DBOS works well with Alembic for application schema migrations.

Setup

1. Initialize Alembic:
pip install alembic
alembic init alembic
2. Configure Alembic to use DBOS database URL:
alembic/env.py
from dbos import load_config

config_file = load_config()
app_db_url = config_file.get("database_url")

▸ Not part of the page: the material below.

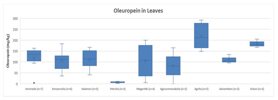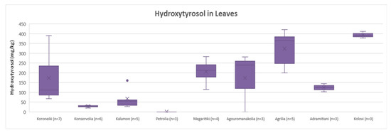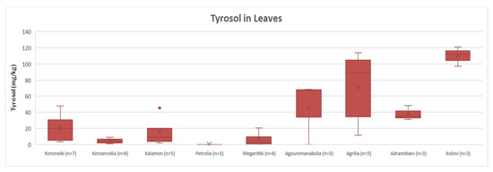 Descriptive statistic (box and whisker plot) and statistical analysis (ANOVA) were performed for the varieties whose number of samples was equal or higher than three (n ≥ 3). For leaves, the varieties Koroneiki, Konservolia, Kalamon, Petrolia, Megaritiki, Agouromanakolia, Agrilia, Adramitiani and Kolovi were compared, and the concentrations of oleuropein, tyrosol and hydroxytyrosol were examined.

config.set_main_option("sqlalchemy.url", app_db_url)
3. Add to dbos-config.yaml:
database:
  migrate:
    - alembic upgrade head
4. Create and run migrations:
# Create migration
alembic revision -m "add users table"

# Edit the generated migration file
# Then run DBOS migrate
dbos migrate

Troubleshooting

Migration Failures

Permission denied:
ERROR: permission denied for schema dbos
Solution: Run migration with admin credentials or use --app-role to grant permissions. Connection timeout:
ERROR: could not connect to server: Connection timed out
Solution: Check database URL, network connectivity, and firewall rules. Schema already exists:
ERROR: schema "dbos" already exists
Solution: This is usually safe to ignore. DBOS migrations are idempotent.

Reset Issues

Cannot connect after reset: Solution: Run dbos migrate to recreate system tables. Foreign key violations: Solution: Reset only affects the system database. Application database foreign keys to system tables may need to be recreated.